Word for word, reproduce all entries below, leaving every picture out.
───── MATERIAL TO PROCESS ─────
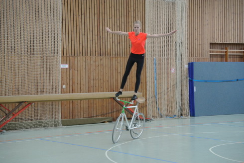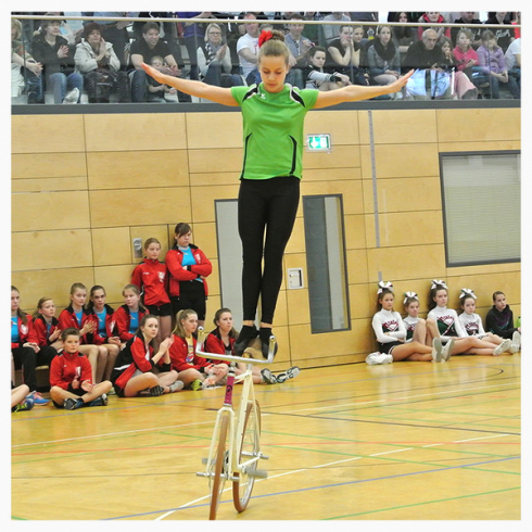 Angelina begann 2012 das Training, die ersten Wettkämpfe versprachen viel. 2015 nun hat sie es geschafft und darf als Landesmeisterin in der Altersklasse U11 bei den Ostdeutschen Meisterschaften starten. Zum Ausgleich fährt sie Einrad und tritt mit ihren Sportkameradinnen bei Events auf.
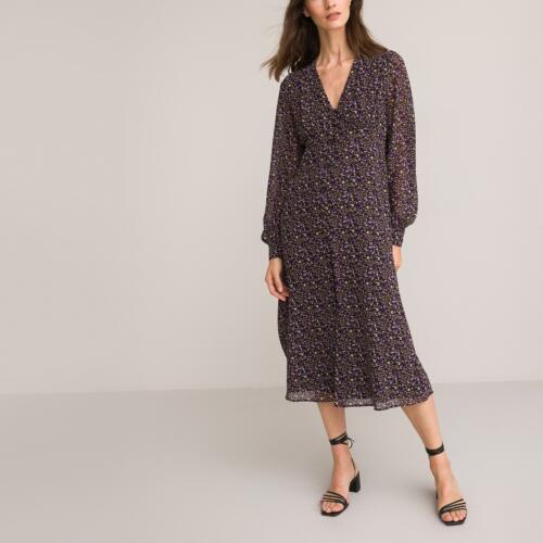 Printed Recycled Midaxi Dress with V-Neck and Long Sleeves La Redoute Collections £75.00 -
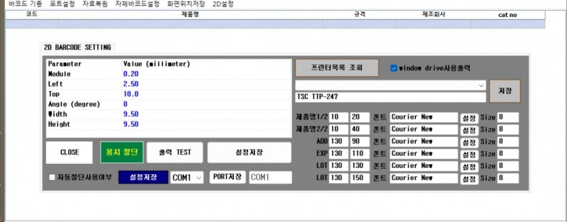 바코드 출력 설정 작성자 최고관리자 / 2025-08-26 23:44 / 조회178회 관련링크 본문 그림처럼 동일하게 세팅..메뉴중 -> 2D설정 클릭후 아래처럼 설정자동절단 설정은 장비가 설치된 경우만 사용 가능** window driver가 설치되어있어여야 함 (50*25로 설정해야 함) 목록
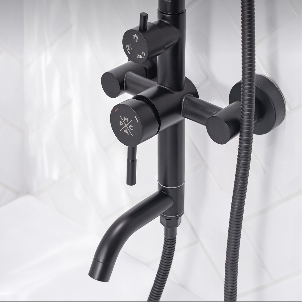 Душевая система для ванны и душевой кабины с тропическим душем и смесителем с поворотным изливом, выполнена из нержавеющей стали и покрыта специальной стойкой краской черного цвета. Керамический картридж обеспечивает плавное и точное управление потоком воды. Ручная лейка имеет 3 режима подачи воды.
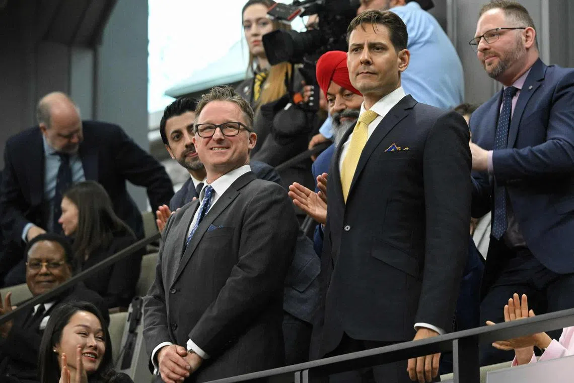Canadians Michael Spavor (left) and Michael Kovrig in Canada’s House of Commons on March 24, during the speeches given by US President Joe Biden and Canadian President Justin Trudeau on Parliament Hill in Ottawa.
─────
* RESULT OF THE TASK *
 Angelina begann 2012 das Training, die ersten Wettkämpfe versprachen viel. 2015 nun hat sie es geschafft und darf als Landesmeisterin in der Altersklasse U11 bei den Ostdeutschen Meisterschaften starten. Zum Ausgleich fährt sie Einrad und tritt mit ihren Sportkameradinnen bei Events auf.
 Printed Recycled Midaxi Dress with V-Neck and Long Sleeves La Redoute Collections £75.00 -
 바코드 출력 설정 작성자 최고관리자 / 2025-08-26 23:44 / 조회178회 관련링크 본문 그림처럼 동일하게 세팅..메뉴중 -> 2D설정 클릭후 아래처럼 설정자동절단 설정은 장비가 설치된 경우만 사용 가능** window driver가 설치되어있어여야 함 (50*25로 설정해야 함) 목록
 Душевая система для ванны и душевой кабины с тропическим душем и смесителем с поворотным изливом, выполнена из нержавеющей стали и покрыта специальной стойкой краской черного цвета. Керамический картридж обеспечивает плавное и точное управление потоком воды. Ручная лейка имеет 3 режима подачи воды.
Canadians Michael Spavor (left) and Michael Kovrig in Canada’s House of Commons on March 24, during the speeches given by US President Joe Biden and Canadian President Justin Trudeau on Parliament Hill in Ottawa.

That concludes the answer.